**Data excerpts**
---*---

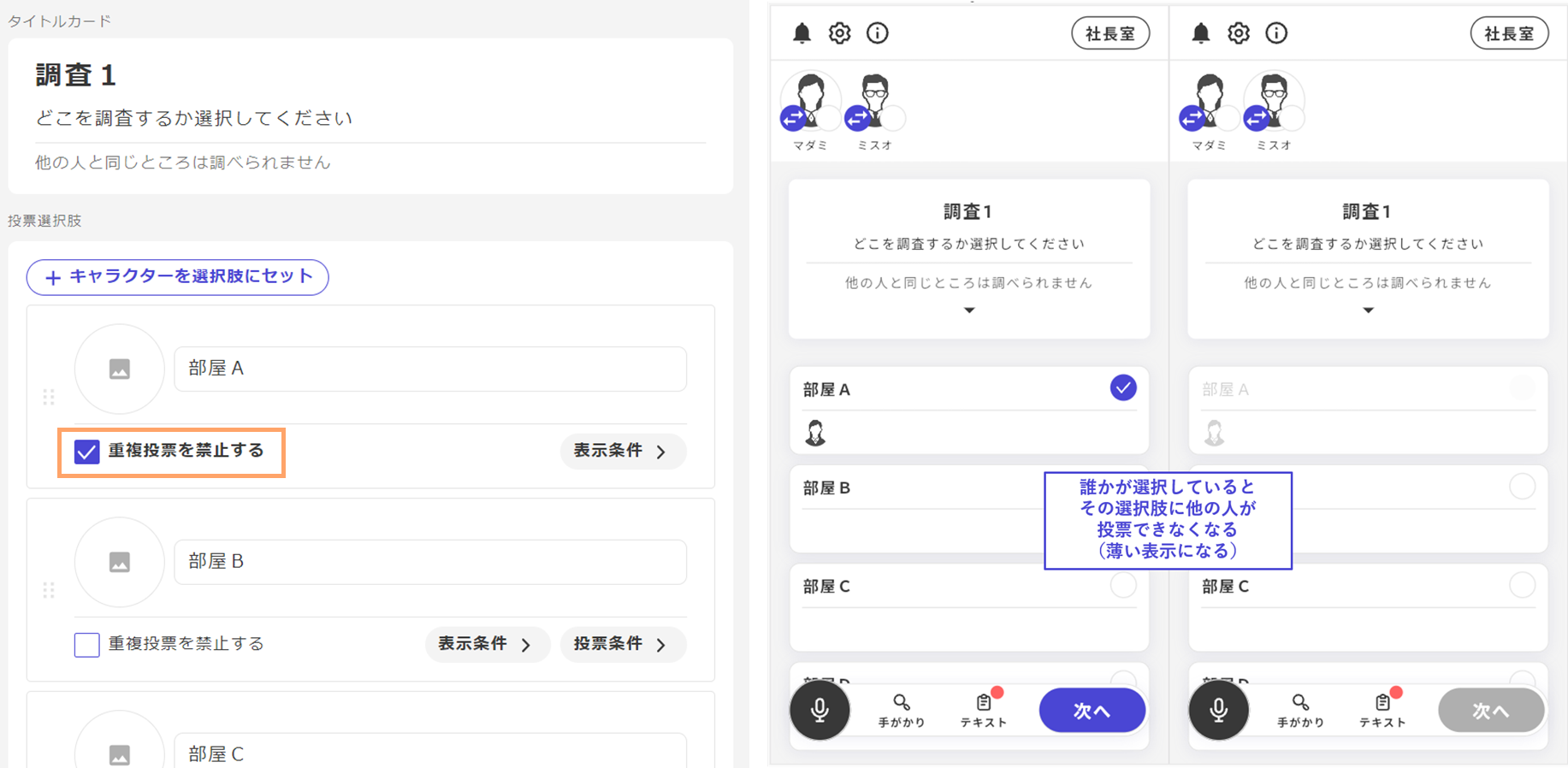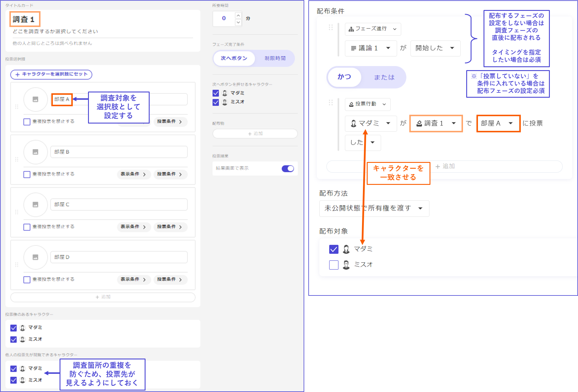 | 條件2      | 投票行動・○○在投票階段投票給△△ | 設置在①中創建的投票階段中，某角色投票給相應調查地點的條件。               |
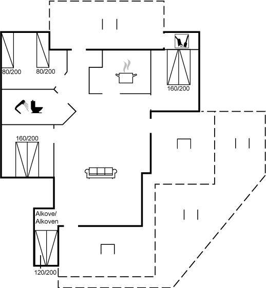 SchlafverhältnisseDie Schlafplätze verteilen sich auf 3 Schlafräume. 4 Schlafplätze in Doppelbetten. 2 Schlafplätze in Einzelbetten.2 Schlafplätze im Alkoven. Ferner steht ein Kinderbett zur Verfügung.
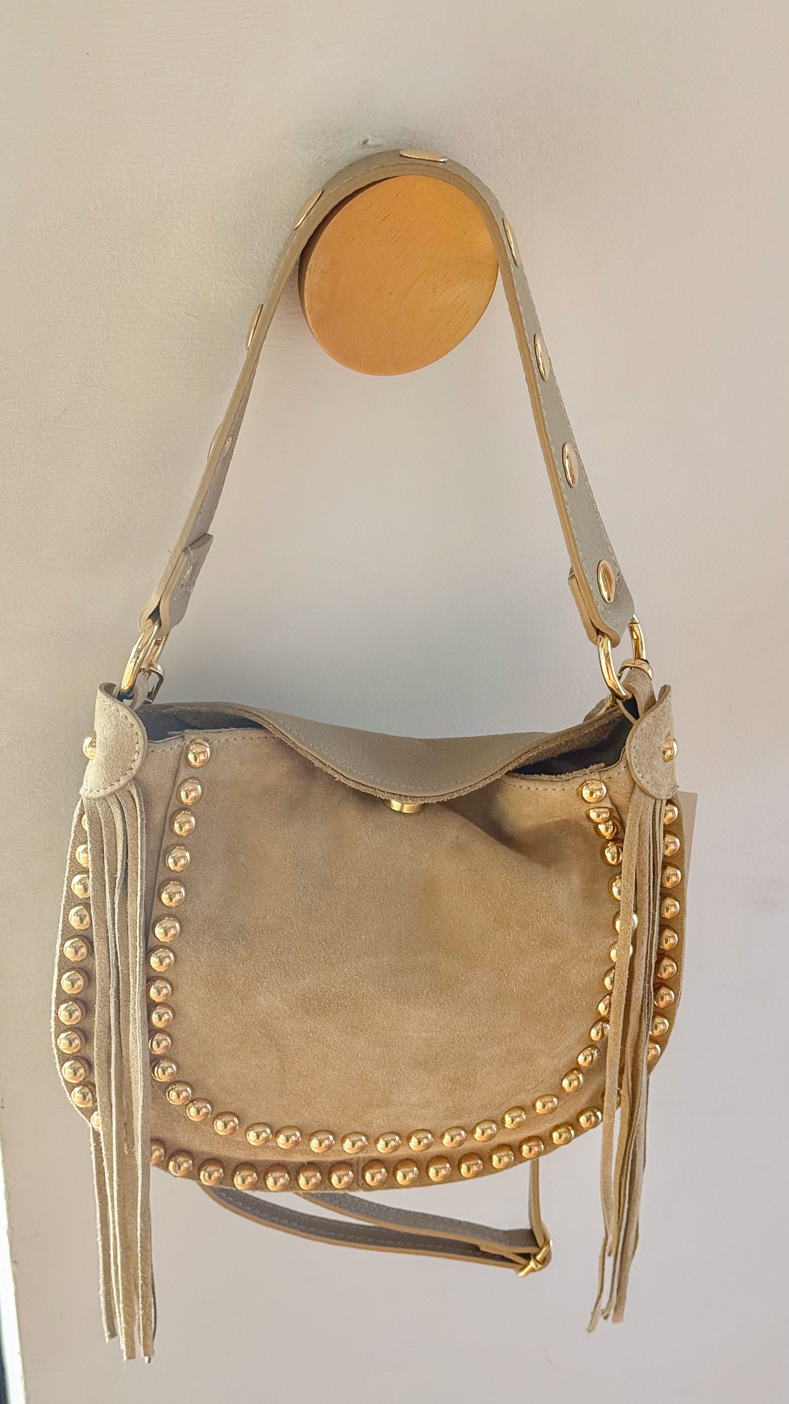 • Anse large avec clous dorés pour un porté épaule,
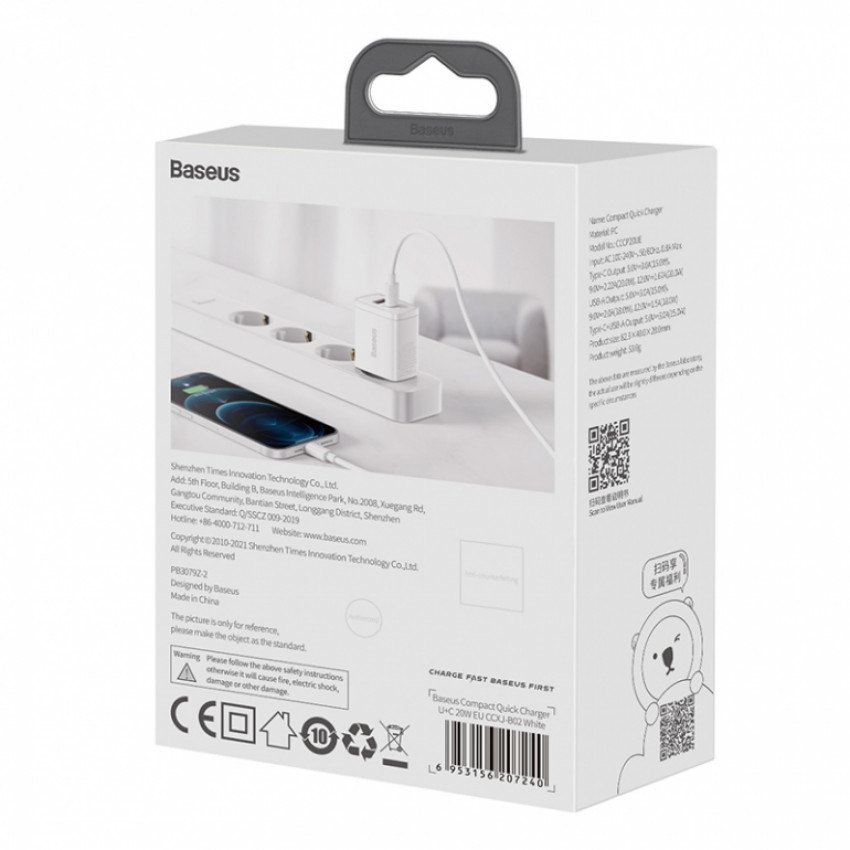 Про товар Зарядний пристрій Baseus Compact Quick Charger USB+Type-C 20W Білий (CCXJ-B02)
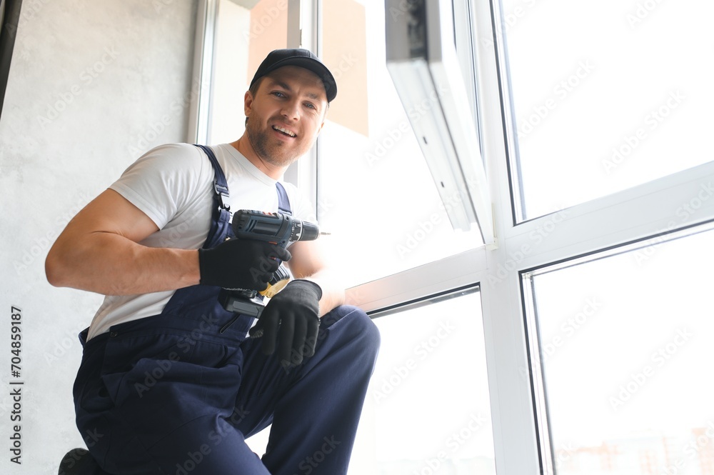 handsome young man installing bay window in new house construction site
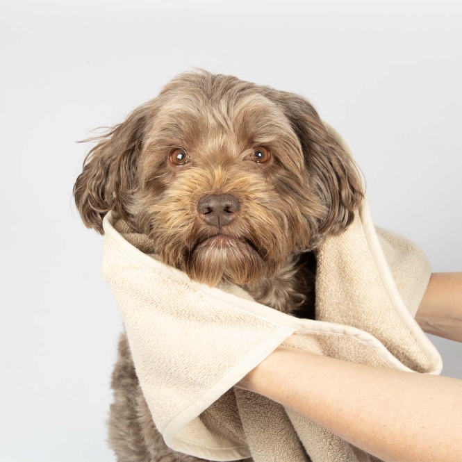 Nach dem Baden, Schwimmen oder einem matschigen Abenteuer ist das Noir Japandi Hundehandtuch die ideale Lösung, um Ihren Hund schnell und komfortabel zu trocknen. Es besteht aus weicher, hochsaugfähiger Baumwolle, die Feuchtigkeit effizient aufnimmt und sanft zum Fell ist. Dank der praktischen Griffe können Sie Ihren Hund mühelos abtrocknen. Erhältlich in stilvollem Beige, vereint das Noir Japandi Handtuch praktische Funktionalität mit zeitlosem Japandi-Stil.

---*---

All lines from the one containing "Про товар Зарядний" through the end of the entries above must be given again exactly, with every picture omitted.

 Про товар Зарядний пристрій Baseus Compact Quick Charger USB+Type-C 20W Білий (CCXJ-B02)
 handsome young man installing bay window in new house construction site
 Nach dem Baden, Schwimmen oder einem matschigen Abenteuer ist das Noir Japandi Hundehandtuch die ideale Lösung, um Ihren Hund schnell und komfortabel zu trocknen. Es besteht aus weicher, hochsaugfähiger Baumwolle, die Feuchtigkeit effizient aufnimmt und sanft zum Fell ist. Dank der praktischen Griffe können Sie Ihren Hund mühelos abtrocknen. Erhältlich in stilvollem Beige, vereint das Noir Japandi Handtuch praktische Funktionalität mit zeitlosem Japandi-Stil.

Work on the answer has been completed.